Higher gross weight limits and longer combination vehicles (LCVs) would have significant benefits for many private fleet operations, according to a new study conducted by the Univ. of Michigan Transportation Research Institute (UMTRI) for the National Private Truck Council (NPTC). The increased efficiency of larger vehicles would also have a positive impact on the country's overall economy and environment, according to John Woodrooffe, the lead researcher on the study.
The study looked at three scenarios – increasing GVW limits to 91,000 lbs. and 97,000 lbs. for a single tractor and 53-ft. trailer combination, and longer combination vehicles (LCVs) with two 53-ft. trailers. After surveying NPTC membership on the estimated reduction in shipments and truckloads they might expect for each of these three scenarios to create a baseline, the researchers conducted in-depth analysis of seven fleets representing a cross-section of businesses, including wholesale and retail food, other retail products, building supplies and industrial supplies.
By reducing vehicle miles traveled, all three proposals offered reduced fuel and operating costs for the seven fleet operations, according to the study. On average, the LCV approach would lower fuel costs by 8%, while a 91,000-lb. GVW would cut fuel costs by 2.5% and 97,000-lb. GVW by 3.6%, Woodrooffe said during a presentation at NPTC's annual conference last week. Combining an LCV with a GVW increase to 91,000 lbs. would result in a 10.5% decrease in fuel costs, while an LVC/97,000-lb. GVW approach would yield an 11.7% drop in fuel costs.
If new technology was able to cut tractor-trailer fuel consumption by 10% that would result in a 0.67 MPG gain in average fuel efficiency for the fleets studied, according to Woodrooffe's calculation. The GVW and LCV approach would bring a 0.77 MPG gain without any new technology, he said.

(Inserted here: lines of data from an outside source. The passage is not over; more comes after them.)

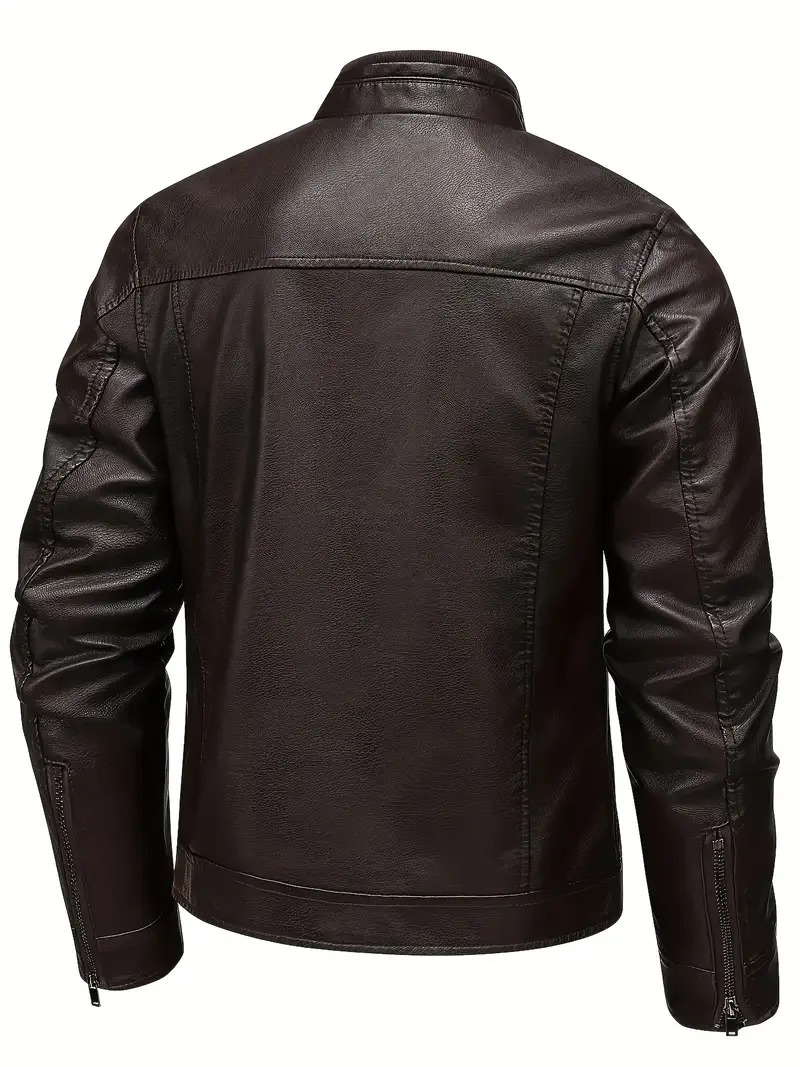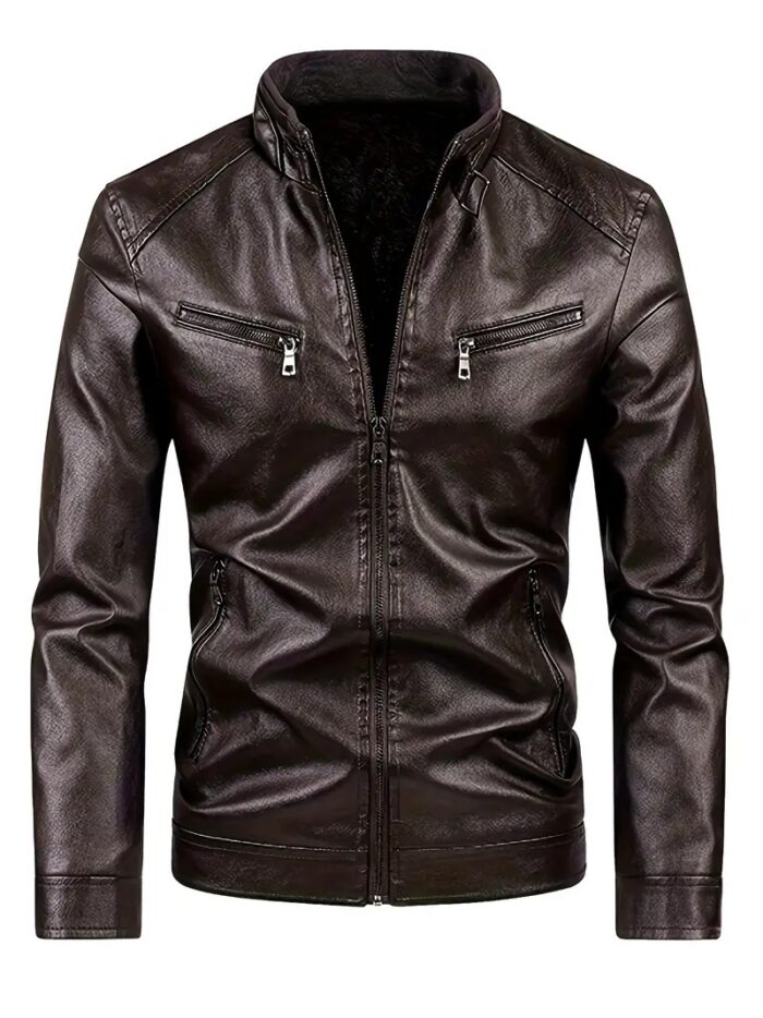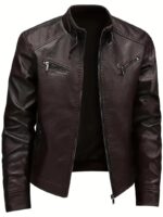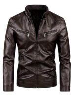 Men’s Black Jacket Trendy Stand Collar with Zippered Pockets, Casual Loose Fit for Fall/Winter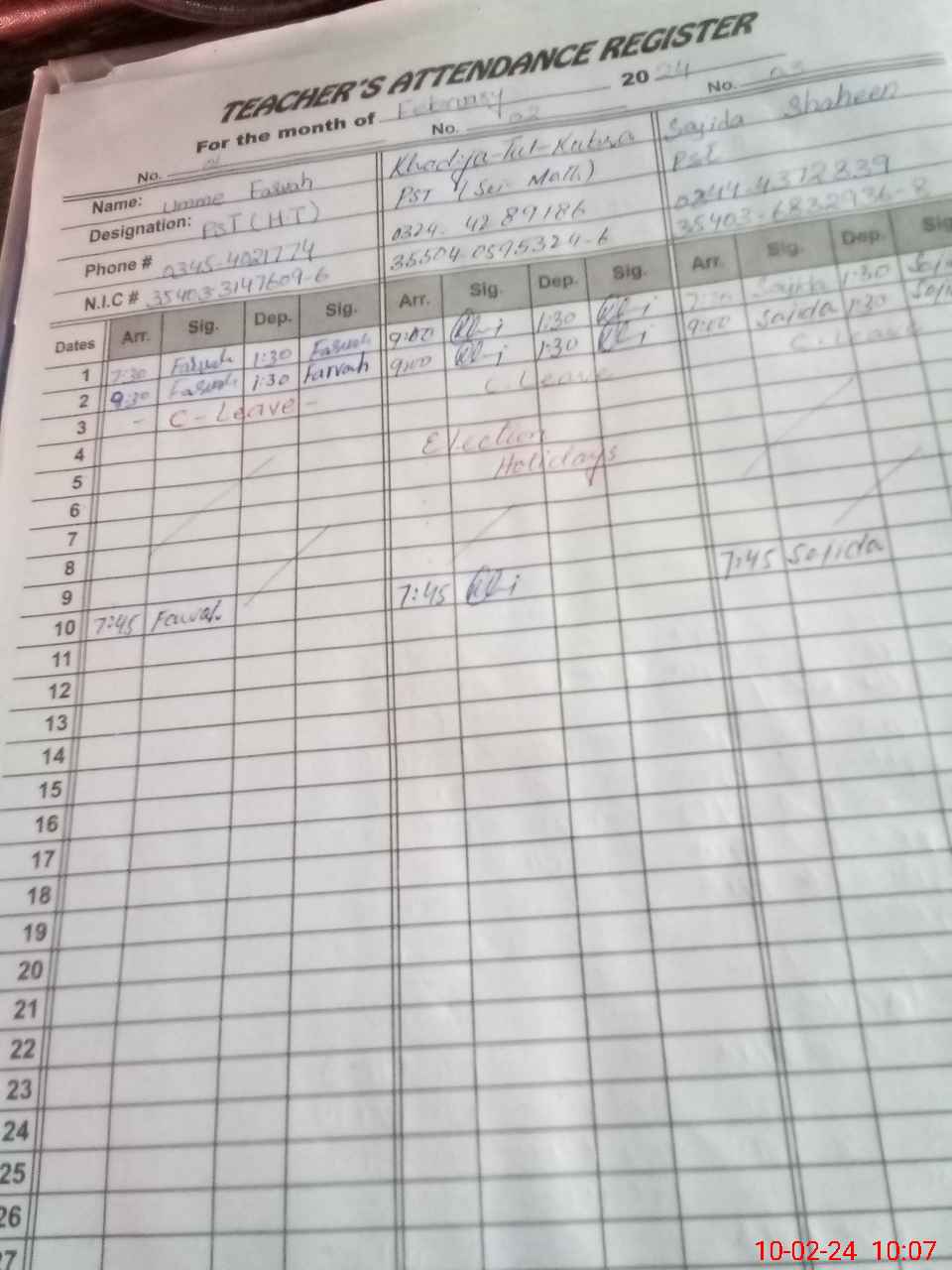| CNIC | Full Name | Designation | R/C | Absence During Last Calender Month |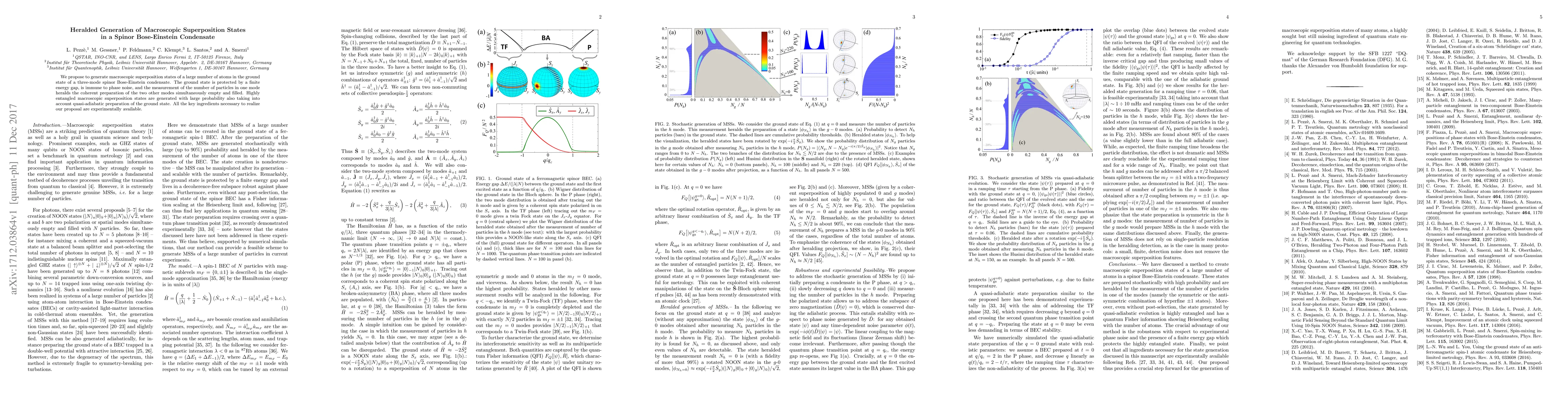 This paper proposes a method to generate macroscopic superposition states in a three-mode spinor Bose-Einstein condensate, leveraging a finite energy gap and particle number measurement to herald the preparation of entangled states. The approach is feasible with current experimental technology.

Not only would fewer trips by larger trucks cut fleet operating costs, but it would have a positive impact on road congestion and lead to lower emissions, the report said. The 97,000-lb./LCV combination has the potential to cut trucking's fuel usage by 3 billion gallons a year and its annual CO2 emissions by 32.6 million tons, according to Woodrooffe.
The survey found that 56% of NPTC's membership weighs out under the current 80,000-lb. GVW limit and 34% cube out under current length limits. Overall they estimated that higher GVWs would result in 10% fewer truck trips for their operations and LCVs in 6% fewer trips. Combining the two approaches could reduce their truck trips by 16%, according to the UMTRI study.
Moving to larger trucks would not be without costs, the study found. For fleets, transitioning from two-axle trailers to three-axle ones to accommodate the higher GVWs "would require a significant cash investment." New fleet costs for LCVs would be relatively minor, according to the study, although they would most likely require investment in additional driver training.
Using tri-axle trailers would eliminate concerns over heavier trucks deteriorating roadways, but investment in bridges to handle the extra weight could be an issue, Woodrooffe said. He also pointed out that the industry would have to address safety questions raised by LCVs through further studies.
"For more than a decade, NPTC has supported modification of federal truck size and weight restrictions in a manner that will improve shipper and carrier productivity," said Gary F. Petty, NPTC president & CEO. "While there has been ample anecdotal evidence in the private fleet community that larger trucks would mean greater productivity for the businesses operating them, there has not been, until now, a study that helps support the case for changes in the law based on an independent research analysis of a sample group of companies."